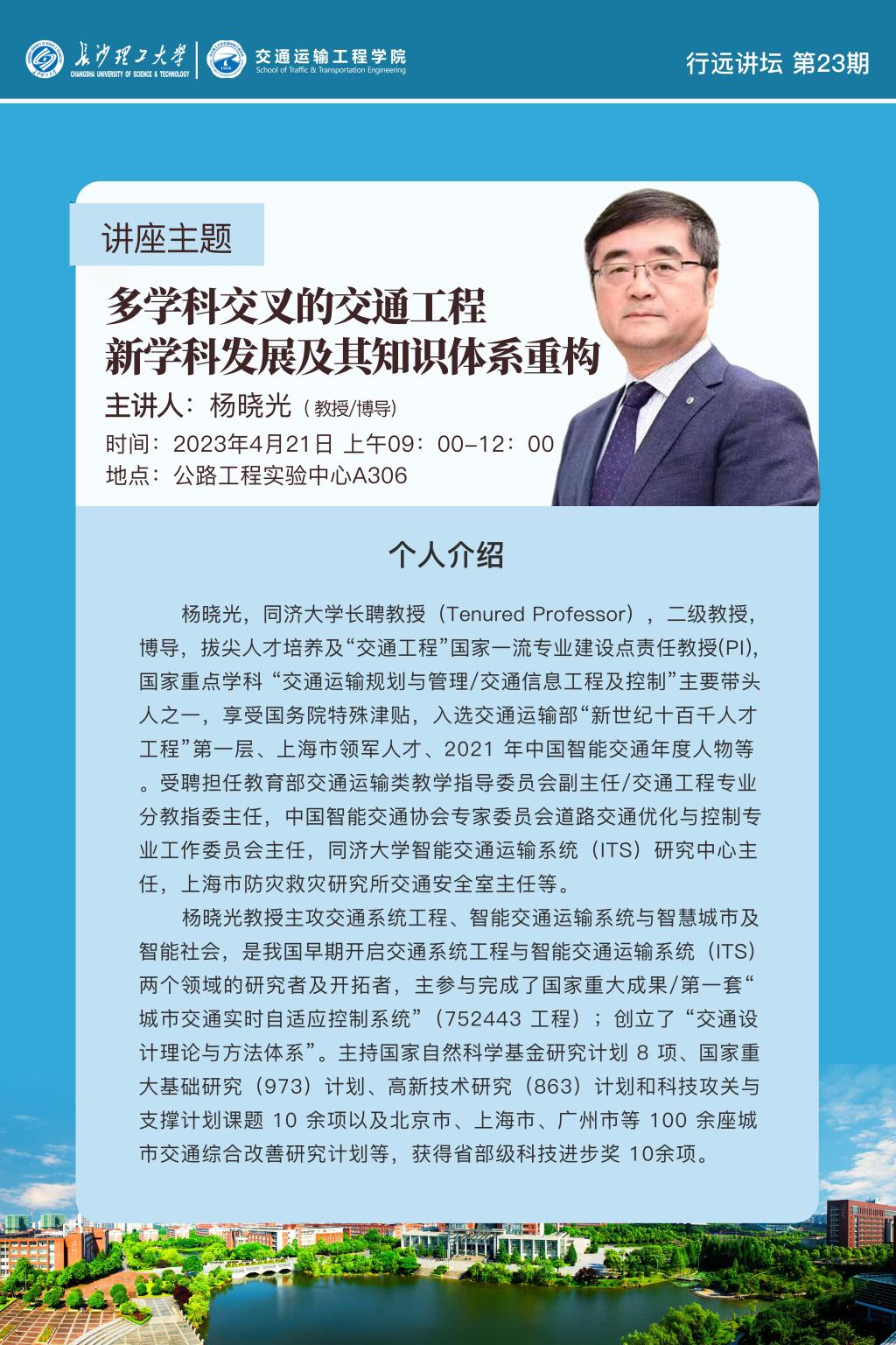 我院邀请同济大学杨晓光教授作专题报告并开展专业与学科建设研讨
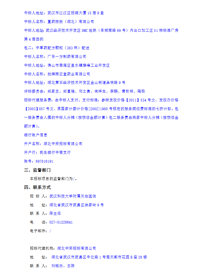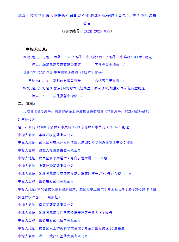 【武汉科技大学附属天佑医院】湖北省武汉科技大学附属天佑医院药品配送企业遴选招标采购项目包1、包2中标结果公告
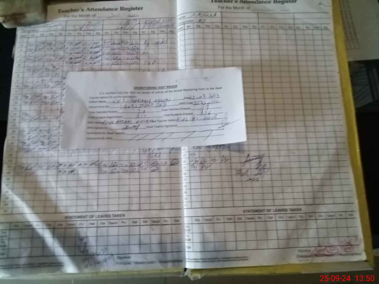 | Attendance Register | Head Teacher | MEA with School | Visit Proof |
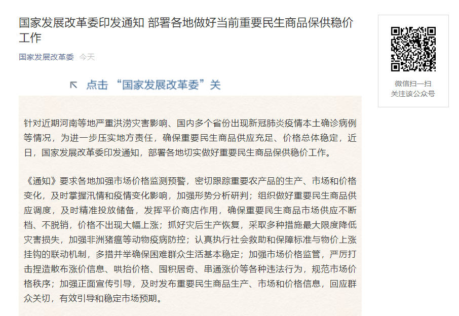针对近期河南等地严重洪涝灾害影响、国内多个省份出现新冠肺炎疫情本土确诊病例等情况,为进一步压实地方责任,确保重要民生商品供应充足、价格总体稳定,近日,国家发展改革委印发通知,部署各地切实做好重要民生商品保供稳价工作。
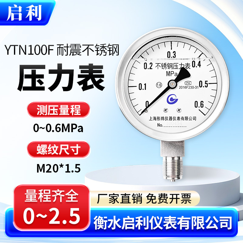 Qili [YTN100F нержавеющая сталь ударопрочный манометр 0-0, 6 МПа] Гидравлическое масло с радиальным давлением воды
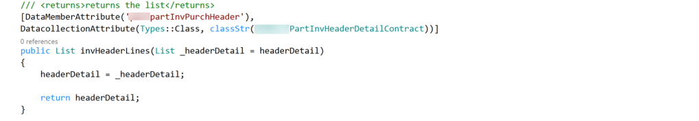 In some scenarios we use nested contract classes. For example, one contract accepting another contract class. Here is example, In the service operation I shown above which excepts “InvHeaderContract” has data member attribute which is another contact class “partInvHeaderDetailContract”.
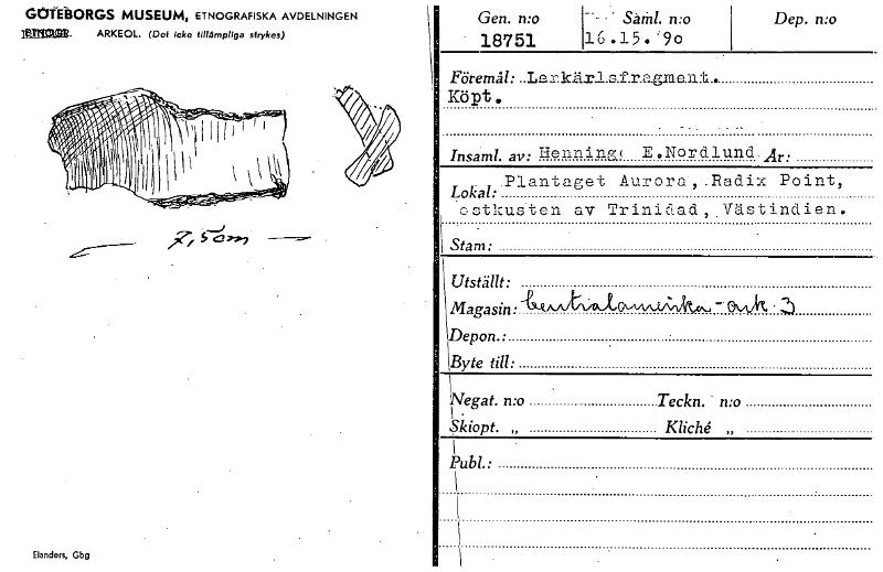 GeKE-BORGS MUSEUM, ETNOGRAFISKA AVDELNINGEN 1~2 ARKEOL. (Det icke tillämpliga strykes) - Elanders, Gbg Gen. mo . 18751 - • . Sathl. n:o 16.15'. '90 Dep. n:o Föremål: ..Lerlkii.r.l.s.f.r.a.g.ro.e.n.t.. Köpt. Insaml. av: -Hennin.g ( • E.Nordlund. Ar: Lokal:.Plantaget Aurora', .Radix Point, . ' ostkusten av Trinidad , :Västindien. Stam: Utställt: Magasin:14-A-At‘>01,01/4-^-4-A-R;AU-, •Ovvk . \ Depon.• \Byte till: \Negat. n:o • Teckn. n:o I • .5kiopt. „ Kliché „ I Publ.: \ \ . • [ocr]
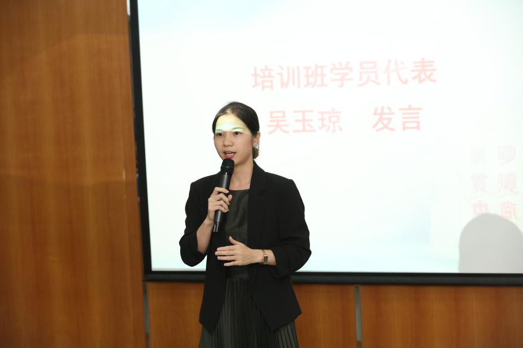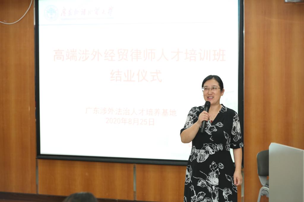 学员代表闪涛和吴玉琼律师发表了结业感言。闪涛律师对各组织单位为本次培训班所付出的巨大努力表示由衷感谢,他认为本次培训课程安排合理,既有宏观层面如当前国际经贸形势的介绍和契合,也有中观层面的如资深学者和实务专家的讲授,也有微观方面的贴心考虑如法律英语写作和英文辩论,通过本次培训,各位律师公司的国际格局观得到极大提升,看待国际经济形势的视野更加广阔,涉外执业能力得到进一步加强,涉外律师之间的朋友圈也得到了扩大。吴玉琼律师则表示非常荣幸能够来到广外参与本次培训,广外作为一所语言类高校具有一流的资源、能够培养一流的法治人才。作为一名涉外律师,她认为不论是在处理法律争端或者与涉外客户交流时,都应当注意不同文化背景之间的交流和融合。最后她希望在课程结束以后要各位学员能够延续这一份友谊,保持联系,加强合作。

◇ ◇ ◇ ◇

■ WORK REQUIRED
Output every entry verbatim but skip the pictures.

■ WRITTEN ANSWER
 我院邀请同济大学杨晓光教授作专题报告并开展专业与学科建设研讨
 【武汉科技大学附属天佑医院】湖北省武汉科技大学附属天佑医院药品配送企业遴选招标采购项目包1、包2中标结果公告
 | Attendance Register | Head Teacher | MEA with School | Visit Proof |
针对近期河南等地严重洪涝灾害影响、国内多个省份出现新冠肺炎疫情本土确诊病例等情况,为进一步压实地方责任,确保重要民生商品供应充足、价格总体稳定,近日,国家发展改革委印发通知,部署各地切实做好重要民生商品保供稳价工作。
 Qili [YTN100F нержавеющая сталь ударопрочный манометр 0-0, 6 МПа] Гидравлическое масло с радиальным давлением воды
 In some scenarios we use nested contract classes. For example, one contract accepting another contract class. Here is example, In the service operation I shown above which excepts “InvHeaderContract” has data member attribute which is another contact class “partInvHeaderDetailContract”.
 GeKE-BORGS MUSEUM, ETNOGRAFISKA AVDELNINGEN 1~2 ARKEOL. (Det icke tillämpliga strykes) - Elanders, Gbg Gen. mo . 18751 - • . Sathl. n:o 16.15'. '90 Dep. n:o Föremål: ..Lerlkii.r.l.s.f.r.a.g.ro.e.n.t.. Köpt. Insaml. av: -Hennin.g ( • E.Nordlund. Ar: Lokal:.Plantaget Aurora', .Radix Point, . ' ostkusten av Trinidad , :Västindien. Stam: Utställt: Magasin:14-A-At‘>01,01/4-^-4-A-R;AU-, •Ovvk . \ Depon.• \Byte till: \Negat. n:o • Teckn. n:o I • .5kiopt. „ Kliché „ I Publ.: \ \ . • [ocr]
 学员代表闪涛和吴玉琼律师发表了结业感言。闪涛律师对各组织单位为本次培训班所付出的巨大努力表示由衷感谢,他认为本次培训课程安排合理,既有宏观层面如当前国际经贸形势的介绍和契合,也有中观层面的如资深学者和实务专家的讲授,也有微观方面的贴心考虑如法律英语写作和英文辩论,通过本次培训,各位律师公司的国际格局观得到极大提升,看待国际经济形势的视野更加广阔,涉外执业能力得到进一步加强,涉外律师之间的朋友圈也得到了扩大。吴玉琼律师则表示非常荣幸能够来到广外参与本次培训,广外作为一所语言类高校具有一流的资源、能够培养一流的法治人才。作为一名涉外律师,她认为不论是在处理法律争端或者与涉外客户交流时,都应当注意不同文化背景之间的交流和融合。最后她希望在课程结束以后要各位学员能够延续这一份友谊,保持联系,加强合作。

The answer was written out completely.